Attack-Tactical Drone Tu-300 “Korshun‑U”

This is an unmanned bomber with sev­en red stars, but one, two, three, six paint­ed black bombs accord­ing to the num­ber of tar­gets hit. This is the last frag­ment of the mil­i­tary pow­er of the Sovi­et Union, which is once again ready to take wing. Our coun­try became the first to devel­op and use com­bat weapons.

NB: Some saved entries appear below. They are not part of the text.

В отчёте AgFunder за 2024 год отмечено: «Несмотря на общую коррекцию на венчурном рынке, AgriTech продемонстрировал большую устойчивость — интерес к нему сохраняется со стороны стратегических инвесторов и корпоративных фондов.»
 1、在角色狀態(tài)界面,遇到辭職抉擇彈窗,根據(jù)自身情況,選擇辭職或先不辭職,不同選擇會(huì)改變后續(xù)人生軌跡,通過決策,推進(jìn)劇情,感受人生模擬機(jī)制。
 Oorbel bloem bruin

Robots in war, now those days are return­ing and we are again at the fore­front of the devel­op­ment of what until recent­ly was sci­ence fic­tion. Because tomor­row’s war is expect­ed with­out human par­tic­i­pa­tion at the lev­el of sci­en­tif­ic devel­op­ment, anoth­er break­through in blood tech­nol­o­gy will occur and again radio-con­trolled tanks and space­craft for oth­er plan­ets.

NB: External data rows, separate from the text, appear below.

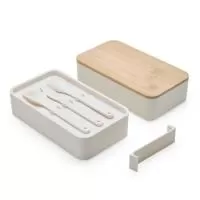 Marmita Dupla Em Fibra De Trigo Livre De Bpa, Sendo Um Compartimento De 600ml Com Tampa De Bambu E Outro Compartimento De 500ml Com Suporte Para Talheres De Fibra De Trigo. Possui Uma Divisória Removível E Elástico Para Um Transporte Seguro. Acompanha Garfo, Faca E Colher. Obs: O Tempo De Aquecimento No Micro-ondas Não Deve Ultrapassar 3 Minutos.
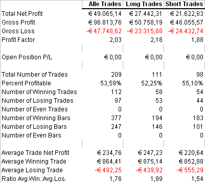 Die Shorttrades schneiden etwas schlechter ab, generell ist die Trefferquote mit 54% noch nicht so wie ich sie gerne hätte.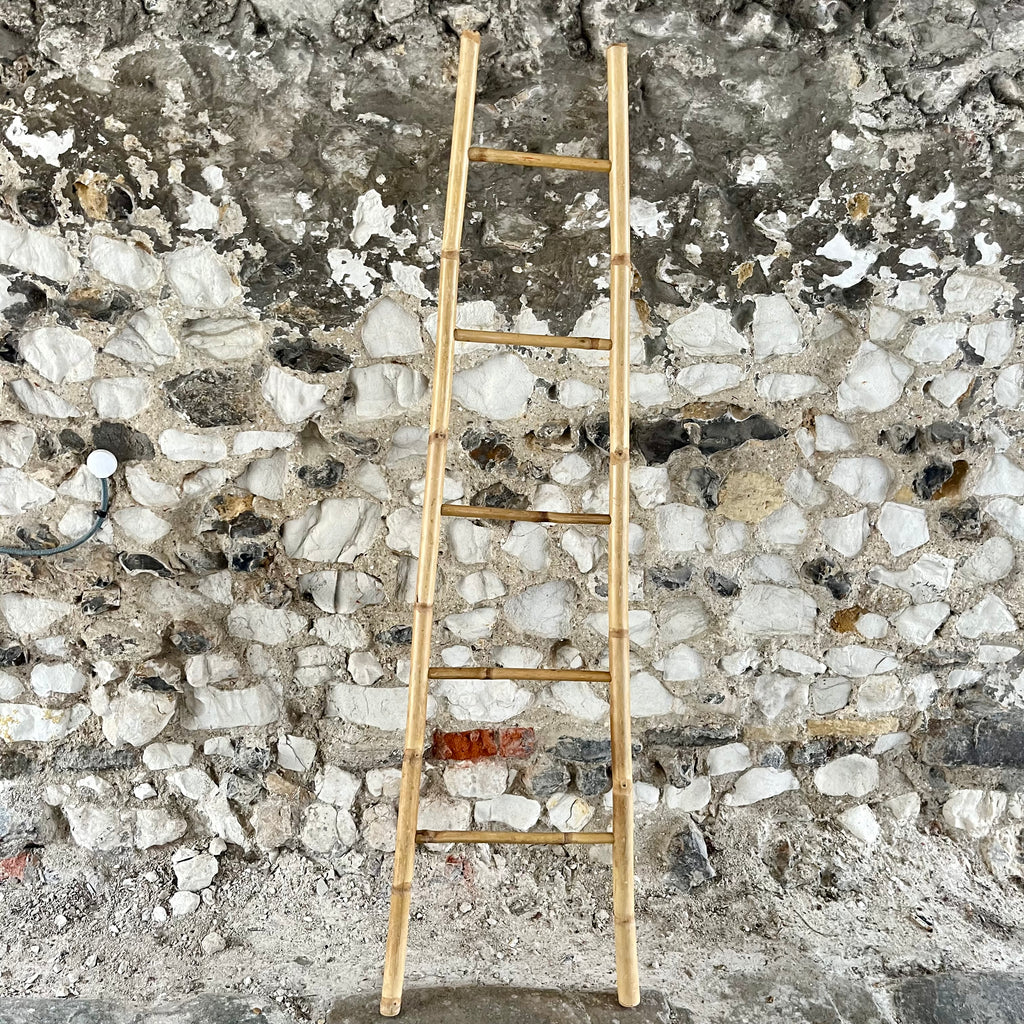 A bamboo display ladder that combines natural elegance with functional versatility. Standing at 150cm high with a 36cm width and 4cm depth, this piece serves as both a striking decorative accent and a practical storage solution for blankets, towels, or styled home accessories. The warm, organic tones of bamboo complement contemporary and traditional interiors alike, while its slender profile makes it ideal for corners, entryways, or bedroom spaces where visual impact matters without consuming floor area.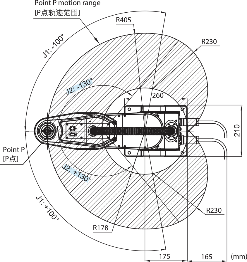 | Total Arm Length(A1 Arm+A2 Arm) 手臂全長(A1+A2) | 405mm(A1:175mm+A2:230mm) | ||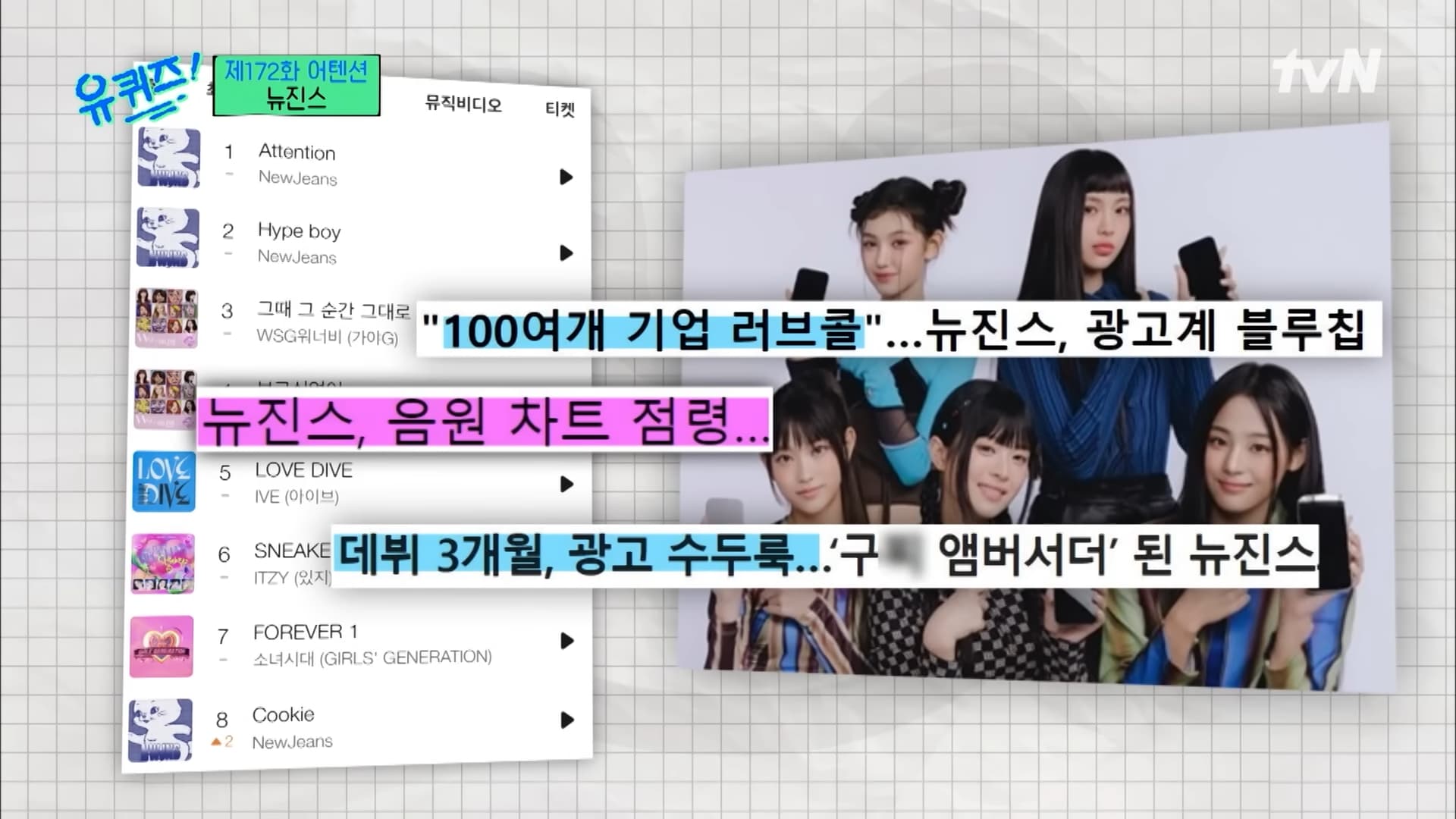 今年「怪物新人」NewJeans 一出道便備受矚目,四首出道曲通通霸佔音樂排行榜,特別是《Attention》、《Hype Boy》受到不少人喜愛,並得到眾多知名品牌商青睞。NewJeans 之母閔熙珍在《You Quiz On the Block》透露出道僅兩個月 NewJeans 成員獲得首次結算,要知道有些組合出道幾年仍未得結算,可見 NewJeans 真的大成功!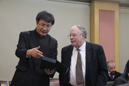 3月11日,北大高研院邀请国际哲学团体联合会主席、世界哲学大会主席威廉?麦克布莱德(William McBride)教授访问北京大学,并与杜维明院长就“哲学作为一种公共话语的反思”进行对话。

Con­vey­ors, fac­to­ries, mechan­i­cal hands that assem­ble it all, from cars to fry­ing pans. Only the tragedy at the Cher­nobyl nuclear pow­er plant will force the coun­try’s lead­er­ship. I must say that the Cher­nobyl expe­ri­ence is very valu­able for us, because all the import­ed equip­ment was installed there and the domes­tic equip­ment was devel­oped.

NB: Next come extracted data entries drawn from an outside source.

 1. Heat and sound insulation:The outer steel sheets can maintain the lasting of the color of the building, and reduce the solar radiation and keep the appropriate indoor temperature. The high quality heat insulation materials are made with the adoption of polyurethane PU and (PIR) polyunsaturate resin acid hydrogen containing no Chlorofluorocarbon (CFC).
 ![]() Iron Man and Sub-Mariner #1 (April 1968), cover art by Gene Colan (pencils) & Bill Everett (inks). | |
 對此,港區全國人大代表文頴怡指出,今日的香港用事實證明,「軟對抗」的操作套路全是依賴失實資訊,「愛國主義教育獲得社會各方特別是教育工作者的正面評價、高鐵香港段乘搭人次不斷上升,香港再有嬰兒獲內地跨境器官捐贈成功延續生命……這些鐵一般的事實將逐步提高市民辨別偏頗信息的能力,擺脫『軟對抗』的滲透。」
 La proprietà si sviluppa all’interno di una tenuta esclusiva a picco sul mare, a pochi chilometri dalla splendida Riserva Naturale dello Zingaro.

Lit­er­al­ly in two or three months, I worked today. The peo­ple who worked under Babak­in’s lead­er­ship and cre­at­ed the Lunokhod are still alive. I recent­ly met such a won­der­ful per­son whose pro­fes­sion has been writ­ten in his work book as a Lunokhod dri­ver. They are still alive, they help us with their advice, rec­om­men­da­tions, and their expe­ri­ence.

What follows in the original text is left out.